How do you define ‘journalist’? Focus on social role

What the heck is a “journalist,” anyway?

We’ve grappled with that question for centuries, and it’s even more pressing given the pending federal shield law and changing nature of media.

Two academics took a crack at it by examining the definitions of ‘journalist’ in state shield laws and trade organization membership rules, including SPJ’s rules. Their research was published Monday in the N.Y.U. Journal of Legislation and Public Policy.

The conclusion? It’s a sticky mess.

Jonathan Peters and Edson C. Tandoc, Jr., culled through a variety of sources to boil down the most common definition of journalist (p. 61): “A journalist is someone employed to regularly engage in gathering, processing, and disseminating (activities) news and information (output) to serve the public interest (social role).”

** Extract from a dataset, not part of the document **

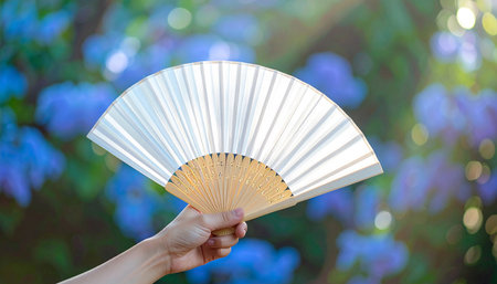 A hand holds a white folding fan open against a blurred background of blue and purple flowers, illuminated by sunlight.
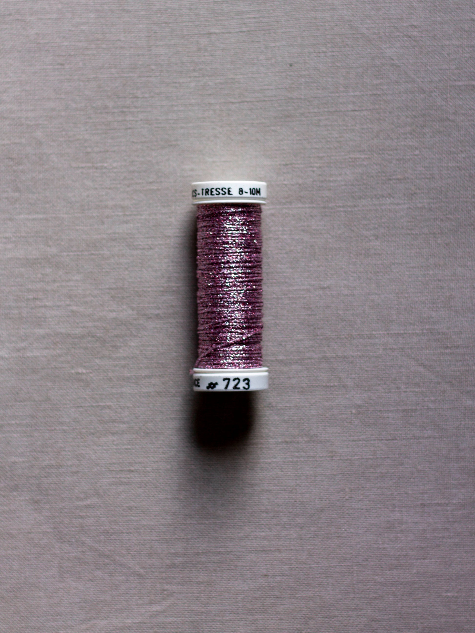Au Ver à Soie metallic braid #8, may be used on its own or mixed with other fibers in a variety of techniques, approximately the size of two strands of regular six strand DMC. 10 meters per spool.

Peters and Tandoc rightly noted there are problems with how that definition has evolved, particularly when we talk about employment – that the person’s primary source of livelihood comes from journalistic activities. That excludes a lot of people who commit acts of journalism on their own time for the good of the public, or freelancers who might work a non-journalistic job to pay the bills.

Even SPJ’s bylaws definition of a professional membership is “Those who are… principally engaged… in directing the editorial policy or editing and preparing news and editorial content of independent news media products… students engaged in the study of these skills, and journalism educators.” That doesn’t necessarily mean “employed,” but it does rule out a lot of people who are doing professional journalism.

I just had a student tell me he was offered a job at a TV station for $8 an hour. If he takes it he’ll probably have to work another job, and under the employment definition wouldn’t be considered a journalist. That’s not right.

The two researchers agree that a better definition needs to be created.

Personally, I think we should lose the “principally employed” and “regularly engage” elements and focus on what journalism is really about: providing people the information they need to self-govern (Kovach and Rosenstiel’s definition).

The bottom line is journalism is about making the world a better place. It’s a social role, whether you get paid to do it or do it for love. Whether you do it 60 hours a week, or five hours a week. A journalist is independent, loyal to the citizen, verifies and informs.

That’s what matters – not what is listed on a W-2 form.